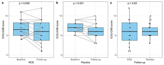 A tendency was seen towards a decrease in the ICIQ-OAB score in the RCE group from baseline to follow-up (with a median score of 6.5 (5.0−8.25) at baseline versus 6.0 (3.75−8.25) at follow-up (p = 0.056)) (Figure 3a). In the placebo group, the median ICIQ-OAB score declined significantly from 7.0 (6.0−8.0) at baseline to 6.0 (5.0−7.0) at follow-up (p = 0.021) (Figure 3b). No significant difference in the ICIQ-OAB score between the two groups was found at follow-up (p = 0.83) (Figure 3c).
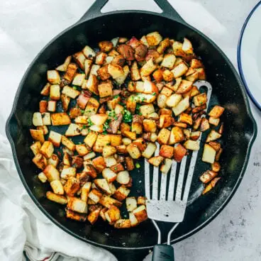 Quando se trata de receitas de café da manhã , estamos solidamente no campo dos saborosos. Então, nosso acompanhamento favorito para o café da manhã ou brunch? Conheça isso Batatas fritas caseiras receita! Essas batatas ficam crocantes, douradas, macias por dentro e perfeitamente temperadas com alho, cebola e sal. Este favorito estilo lanchonete é perfeito com um ovo estrelado de manhã, mas também funciona como acompanhamento de jantar com hambúrgueres ou salmão. Não conseguíamos parar de dar mordidas na frigideira!
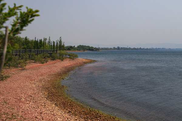 从金滩出来,过笔架山我们到了澄江红山咀,一片粉色的沙滩。沙子细滑,湖水中粉色沙滩衬托的更像是仙景。游客不多全是自驾的。走江川路穿明星小镇,过玉溪抚仙湖国家湿地公园,我们离开抚仙湖奔滇池而去。
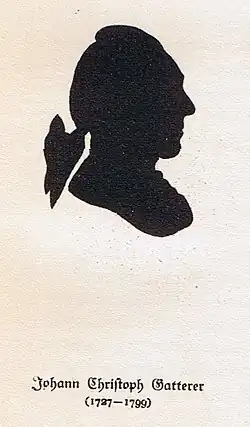 - ↑ Johann Christoph Gatterer, der Begründer der wissenschaftlichen Genealogie. bearbeitet von Wolfgang Ollrog. In: Archiv für Sippenforschung. Heft 81/82, 47. Jahrgang, Februar 1981, C. A. Starke Verlag, Limburg 1981, S. 4 f.
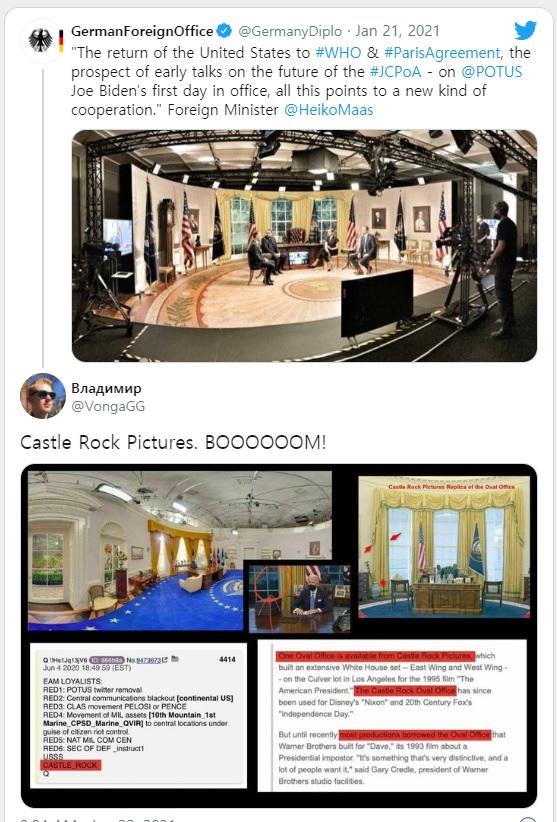 새로운 의문은….이 사진 속의 오벌 오피스는 어디에 있는 것이며 현재 바이든은 어떤 목적을 가지고 있습니까? 우리는 그것이 단지 무대의 일부가 아니라면 그것은 트럭과 창문을 걷는 사람들 때문에 그의 지하실이 아니라는 것을 압니다. 만일 이것이 녹색 화면 백 드롭 green screen back drop, 즉 배경 화면이라면…. 우리가 봐야하는 것, 그들이 이걸 보여주는 의도는 무엇입니까?
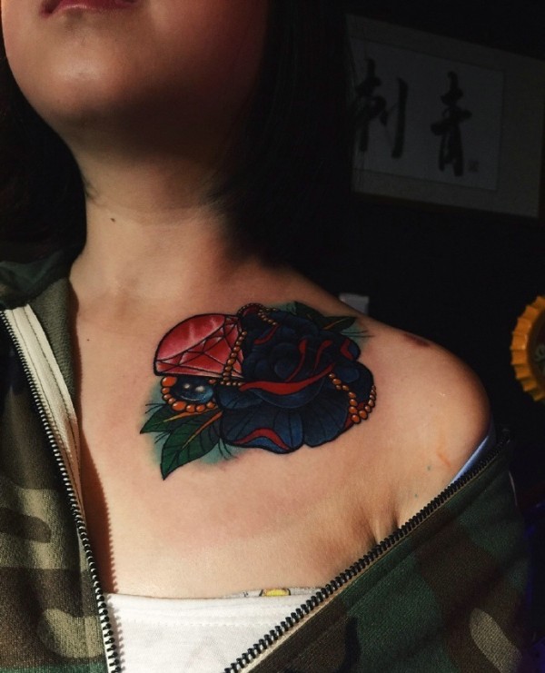 处在女生锁骨上的个性美丽纹身图片
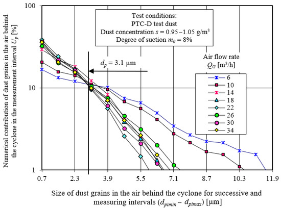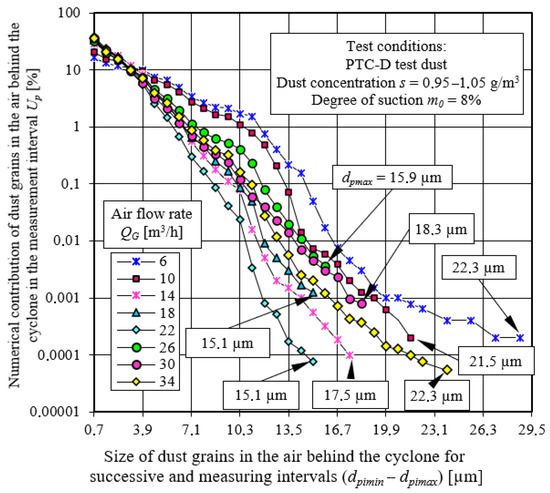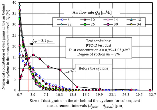 The range of inlet velocities 0, within the limits of which the changes in the purification efficiency are relatively small, should be as large as possible because it makes it possible to use the best separating capabilities of the cyclone at a widely varying air stream QG as a result of changes in the engine rotational speed n. The range of inlet velocities 0 is at the level of υ0 = 12–20 m/s, and exceptionally reaches the value of 25 m/s [56,57,58,59]. The use of high velocities generates high pressure drop. According to the study of the author of [60], the cyclone inlet velocity reaches υ0 = 35 m/s, but the pressure drop also reaches a large (about 4 kPa) value.
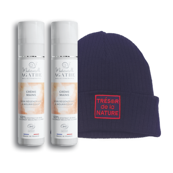 Dieses Handcreme-Duo ist Ihr unverzichtbarer Verbündeter im Winter, besonders an den kältesten Tagen. Nach längerer Einwirkung von Kälte oder schlechtem Wetter macht diese mit unserem Schneckenschleim-Extrakt angereicherte Creme die trockensten Hände weich, spendet Feuchtigkeit und pflegt sie tiefgehend, während sie gleichzeitig einen Schutzfilm auf der Haut bildet, ohne Fett zu hinterlassen.
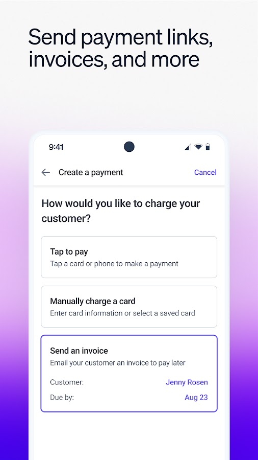 • Accept in-person payments manually or using Tap to Pay
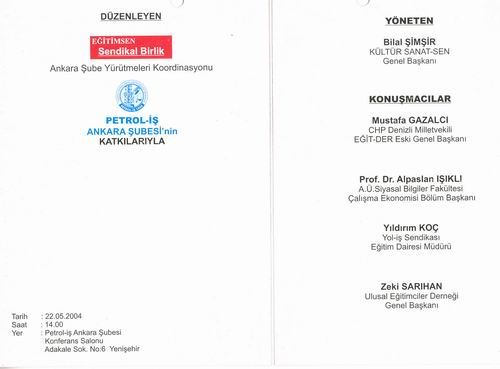 22 Mayıs 2004 Cumartesi Günü Saat 14 00 ’de Şube Kongre Salonumuzda, Şubemizin katkılarıyla gerçekleştirilen “ Küreselleşme, Ulusal Eğitim ve Sendikalar ” konulu paneli üyelerimizin yoğun katılımıyla gerçekleştirildi.

■ ■ ■ ■ ■ ■ ■

** ASSIGNMENT **
Look above for the line with "Quando se trata" and the line with "处在女生锁骨上的个性美丽纹身图片". Give again exactly those two lines and all lines between them, pictures excluded.

** ANSWER TO THE EXERCISE **
 Quando se trata de receitas de café da manhã , estamos solidamente no campo dos saborosos. Então, nosso acompanhamento favorito para o café da manhã ou brunch? Conheça isso Batatas fritas caseiras receita! Essas batatas ficam crocantes, douradas, macias por dentro e perfeitamente temperadas com alho, cebola e sal. Este favorito estilo lanchonete é perfeito com um ovo estrelado de manhã, mas também funciona como acompanhamento de jantar com hambúrgueres ou salmão. Não conseguíamos parar de dar mordidas na frigideira!
 从金滩出来,过笔架山我们到了澄江红山咀,一片粉色的沙滩。沙子细滑,湖水中粉色沙滩衬托的更像是仙景。游客不多全是自驾的。走江川路穿明星小镇,过玉溪抚仙湖国家湿地公园,我们离开抚仙湖奔滇池而去。
 - ↑ Johann Christoph Gatterer, der Begründer der wissenschaftlichen Genealogie. bearbeitet von Wolfgang Ollrog. In: Archiv für Sippenforschung. Heft 81/82, 47. Jahrgang, Februar 1981, C. A. Starke Verlag, Limburg 1981, S. 4 f.
 새로운 의문은….이 사진 속의 오벌 오피스는 어디에 있는 것이며 현재 바이든은 어떤 목적을 가지고 있습니까? 우리는 그것이 단지 무대의 일부가 아니라면 그것은 트럭과 창문을 걷는 사람들 때문에 그의 지하실이 아니라는 것을 압니다. 만일 이것이 녹색 화면 백 드롭 green screen back drop, 즉 배경 화면이라면…. 우리가 봐야하는 것, 그들이 이걸 보여주는 의도는 무엇입니까?
 处在女生锁骨上的个性美丽纹身图片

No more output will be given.